1.n=99。

Fa 1

Note that the left end is a difference sequence, which can be subtracted by classical dislocations:

Remember s = I+2i 2+3i 3+…+ni n,

is = i^2+2i^3+…+(n- 1)i^n+ni^(n+ 1)

Two types of subtraction:

( 1-i)s=i+i^2+i^3+…+i^(n- 1)+i^n-ni^(n+ 1)

At the right end of the above formula, except that the last term is geometric series, you can sum up and find the expression of S.

Then let S=-50( 1+i).

Method 2 (simpler method)

The period of sequence I n is 4, and the first term is: i,-1, -i, 1. The real part and imaginary part can be discussed separately.
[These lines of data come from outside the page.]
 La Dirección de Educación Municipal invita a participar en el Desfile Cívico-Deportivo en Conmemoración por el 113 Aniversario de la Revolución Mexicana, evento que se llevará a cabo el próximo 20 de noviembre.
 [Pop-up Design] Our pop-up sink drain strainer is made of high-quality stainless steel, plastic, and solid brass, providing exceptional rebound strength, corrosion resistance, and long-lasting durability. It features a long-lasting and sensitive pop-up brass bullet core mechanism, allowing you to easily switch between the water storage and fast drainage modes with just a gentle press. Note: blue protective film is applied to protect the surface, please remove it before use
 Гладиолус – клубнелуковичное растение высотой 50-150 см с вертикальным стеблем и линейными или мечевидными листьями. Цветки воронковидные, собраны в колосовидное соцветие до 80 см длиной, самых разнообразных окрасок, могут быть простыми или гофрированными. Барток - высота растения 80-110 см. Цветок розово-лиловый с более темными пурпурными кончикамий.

Remember that the left end of the original form is S.

The real part of s consists of even terms in I n, let t be the largest even number ≤n, and RES = 2i 2+4i 4+…+Ti t =-2+4-6+8+…+(-2) (t/2+1).
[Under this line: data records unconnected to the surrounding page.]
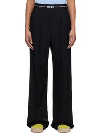 Plain-woven stretch virgin wool trousers. · Jacquard logo and stripes at elasticized waistband · Three-pocket styling · Mock fly · Pleats at front · Creased legs · Zip closure at side seam · Partial crepe lining Supplier color: Black Body: 96% virgin wool, 4% elastane. Lining: 100% polyester. Made in Italy 251443F087004
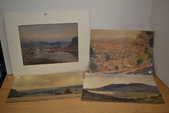 Edward Arden (1830-1909, British), watercolour, A moonlit estuary landscape, signed to the lower left, unframed, mounted, measuring 30cm x 35cm, & 45cm x 50cm overall, together with three other watercolour paintings on paper, two signed C.J Kennedy (20th Century), the other depicting the Skiddaw hills (4)
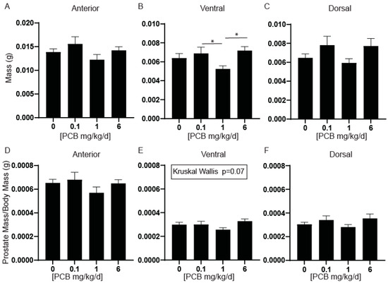 Developmental exposure to 1 mg/kg PCBs daily decreases ventral prostate wet weight in male offspring compared to other PCB treatment groups. Dams were exposed to PCBs orally through gestation and lactation. Prostates were collected and weighed from young adult offspring at 6 weeks of age. Quantification of average mass in (A) anterior, (B) ventral, and (C) dorsal prostates as well as mass normalized to body mass in (D) anterior, (E) ventral, and (F) dorsal prostates. Results are mean ± SEM, n = 15–18 per treatment group. p values ≤ 0.05 as determined by (A) Welch’s ANOVA test and (B–F) Kruskal–Wallis Test followed by Dunn’s multiple comparisons tests. * and bar indicate significance between dosing groups.
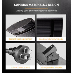 - 1x 3200W BIO Electric Radiant Strip Heater
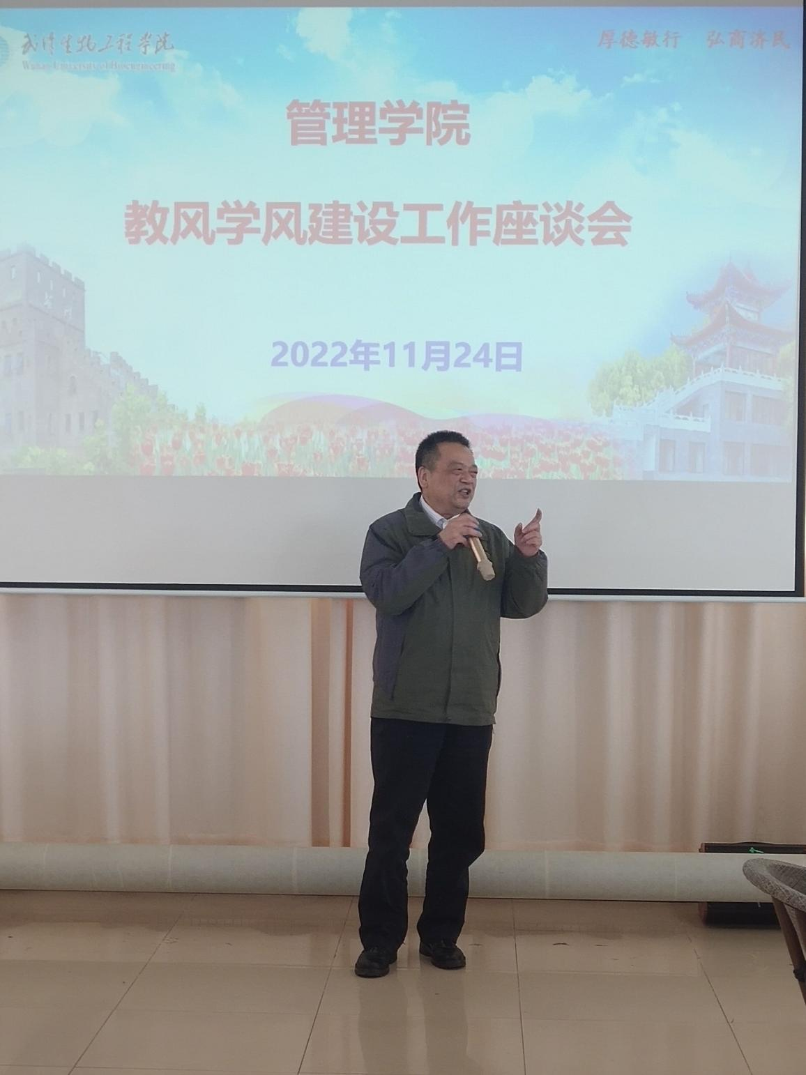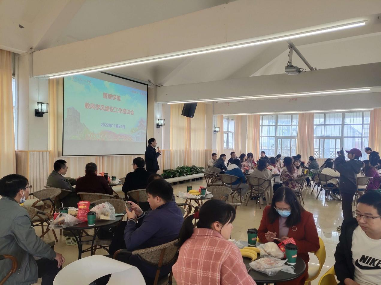 本网讯(通讯员崔浩冉摄影袁佳煊)11月24日中午,管理学院在学府楼金鼎教工俱乐部召开教风学风建设座谈会,校务委员会顾问赵正洲、管理学院全体教职工参加会议。座谈会由管理学院党总支常务副书记洪斌主持。

It is easy to see that when there is an even addend, this sum is positive, and when there is an odd addend, this sum is negative. ReS=-50 is known, so there is an odd addend in the above formula. After pairing, it can be regarded as the addition of several -2, thus finding t=98.

Similarly, let s be the largest odd number ≤n, and after comparing the imaginary part, we can get s=99.

So n=99.

2.5/2

All positive factors of10 n can be written as 2 s * 5 t, where s and t are natural numbers ≤ n.

a(n)=σ(t = 0，n)σ(s = 0，n) {2^s*5^t}

=σ(t=0,n){5^t*σ(s=0,n)2^s}

=[2^(n+ 1)- 1]σ(t=0,n){5^t}

=[2^(n+ 1)- 1][5^(n+ 1)- 1]/4=(5/2)* 10^n+…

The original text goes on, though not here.